Tuesday, February 9, 2010

Day 2: Help!

Ya know, this setting your house in order thing is a whole lot harder than I thought! After my attempt to organize my bedroom yesterday, I thought I'd set my sights lower for today. Today, I just wanted things to go smoothly. To stick to the routine. To take care of what needed to be taken care of, and beyond, if possible. Not so, when your daughter is the Queen of Chaos! I suppose things weren't too bad today (after all, I didn't have to clean urine off the floors). Jared took Jason to school, so I didn't have to worry about that (though Jason reports that he was late to class, grrr...). Hayden woke up around 8:30, and while I showered, she pulled out both mine and Jared's dresser drawers and scattered their contents throughout the bedroom. It took me half an hour to put things back the way they were. I was really looking forward to naptime, so I could have those 2 wonderful hours to finish cleaning my room, and maybe even have a bit of lunch. Unfortunately, Hayden had other plans, and they didn't include a nap. I tried for over an hour to put her down. She'd lay in her crib for about 5 minutes, then scream until I came and got her. By the time this had happened twice, it was within 30 minutes of when I have to pick up Jason from school, so I just loaded her into the car and hoped she fall asleep on the way. No such luck. She was wide awake, jabbering, and trying to run WILD the rest of the afternoon, as we picked up Jason, did our grocery shopping, at the doctor's office getting Jason's H1N1 vaccine, and finally at Starbucks, for Jason's Strawberry Frappuccino (his reward for "taking it like a man" at the doctor's). By the time we made it back home, I was exhausted, but still had to throw together a quick dinner before heading back out to help out with the Young Women's etiquette dinner tonight.

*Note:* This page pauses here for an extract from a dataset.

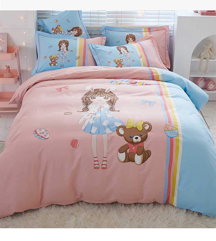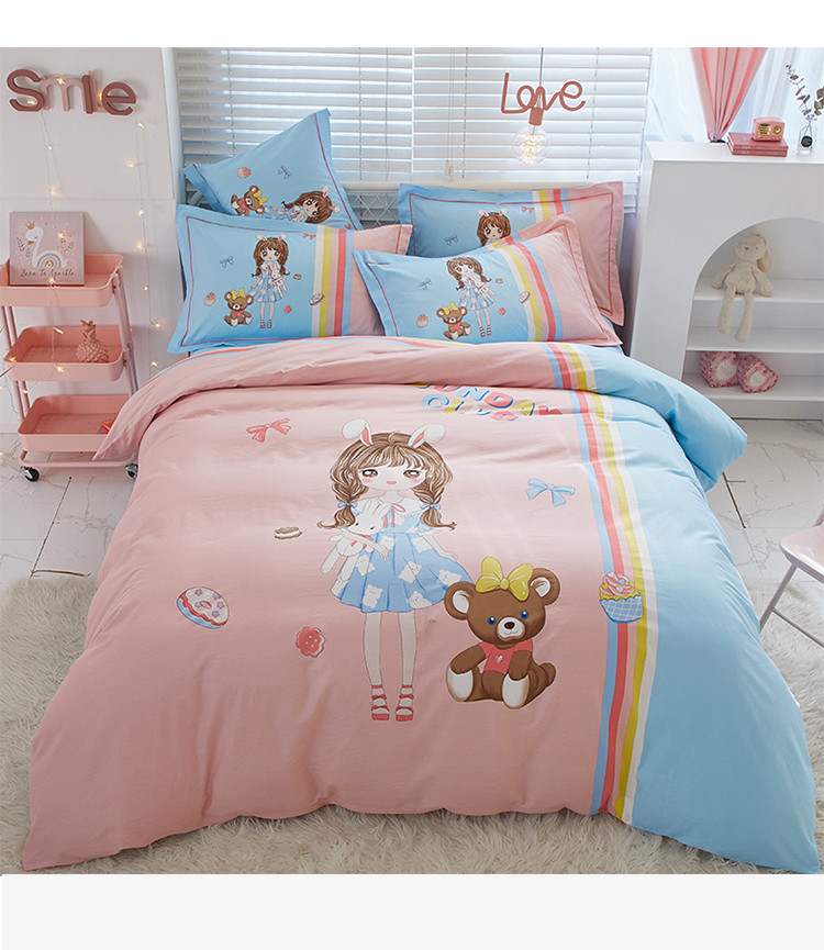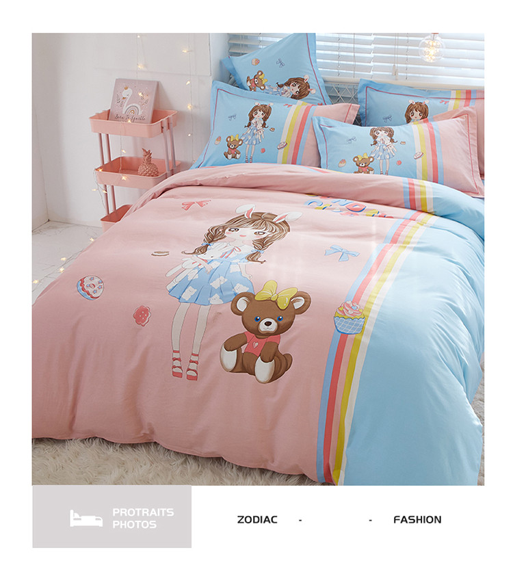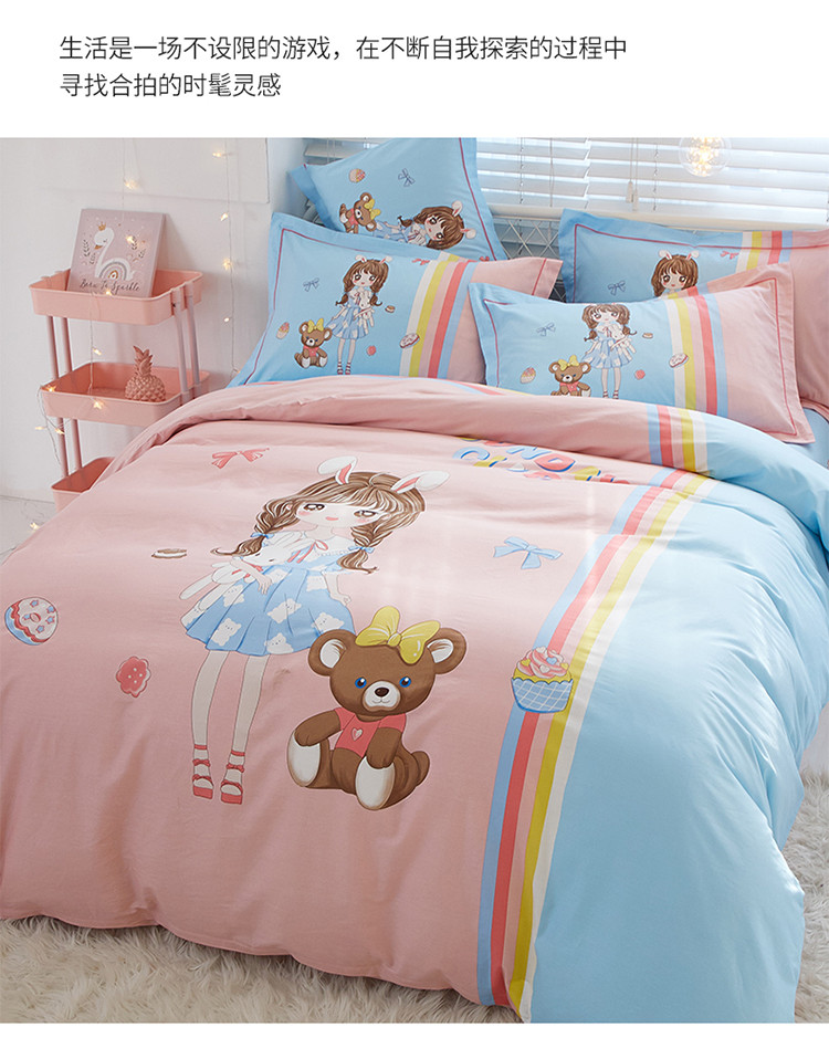 商品名称:金纱玉纺 2022新款全棉13372大版印花四件套 少女梦

So after a busy and rather frustrating day, I've been thinking about ways I can calm my frenzied mind. After all, if I'm ever to set my house in order, I figure that I should be in order, myself. I thought about meditation, but I've never really understood how to do that effectively. Whenever I sit down to meditate, I have a tendency to start thinking about all the things I need to do, which only makes me more frantic. So that's out. I think that for me, I find calm in escape. Sometimes, when I have Jared home to watch the kids, it's a total escape. I like to go out and see a movie. By myself. Then, I can be away from everything and everyone, and involve myself in a story that has absolutely nothing to do with me. When I can't do that, I like to read. I always keep a book on my bedside table and I like to end my evenings by reading a chapter or two. This at least, lets my mind escape for a little while, and I can find a momentary calm, which is about all I can hope for until it all starts again tomorrow!